Please reproduce, exactly as given, the lines running from the start of the data to the line containing "DKD Home Decor", inclusive, and omit the pictures.

Stored entries
<<<<

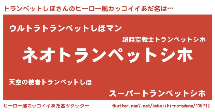 | 胡散臭い通販商品みたいなあだ名 | 『来世でも幸せになれる水素水…その名も「トランペットしほ」』 |
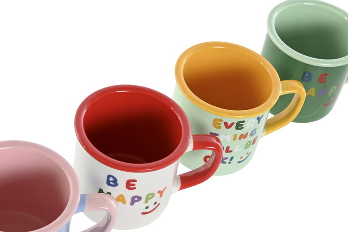 DKD Home Decor Mug Shabby Summer New Bone 380ml Multicolor Surtido Apto Microondas y Lavavajillas (Pack 12 Unidades)
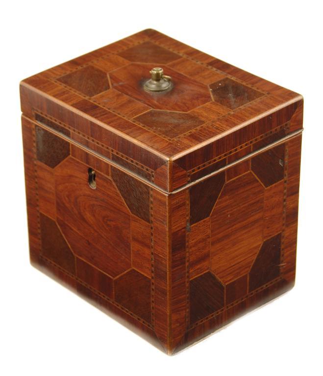 A George III mahogany, kingwood and rosewood tea caddy, with parquetry panels and a replaced brass handle, the interior lead lined, 5in (15cm) h and w, 4in (10cm) d. Crack to the back of the lid above the left hinge.
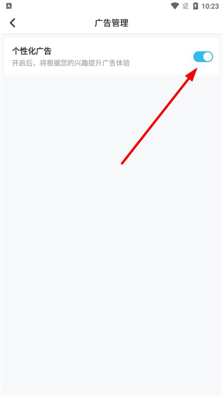 4、在广告管理页面,找到个性化广告对应的开关按钮,点击开关即可关闭个性化广告展示。
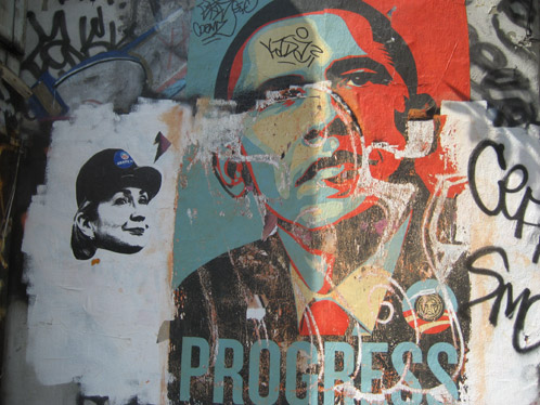 Obama art posters have appeared throughout major cities like Los Angeles, and all over LA, on stop signs, underpasses, buildings and billboards there are hundreds of posters and stickers on Obama with the word HOPE emblazoned across. Even street artists have been doing Obama graffiti and urban art in public places.6
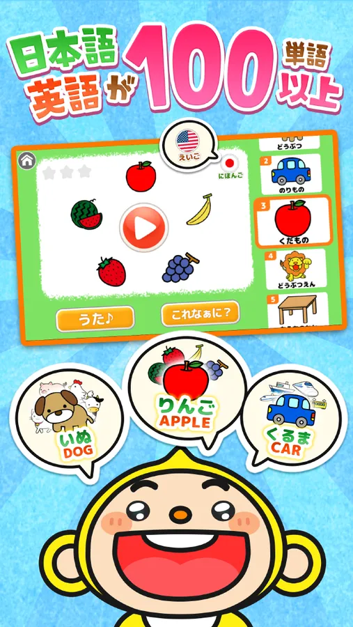 お子様が親しみやすい単語や、身の回りで見かける言葉を中心に全10セット・55単語を、「にほんご」「えいご」の2モード分収録

>>>>

## Solved problem:
 | 胡散臭い通販商品みたいなあだ名 | 『来世でも幸せになれる水素水…その名も「トランペットしほ」』 |
 DKD Home Decor Mug Shabby Summer New Bone 380ml Multicolor Surtido Apto Microondas y Lavavajillas (Pack 12 Unidades)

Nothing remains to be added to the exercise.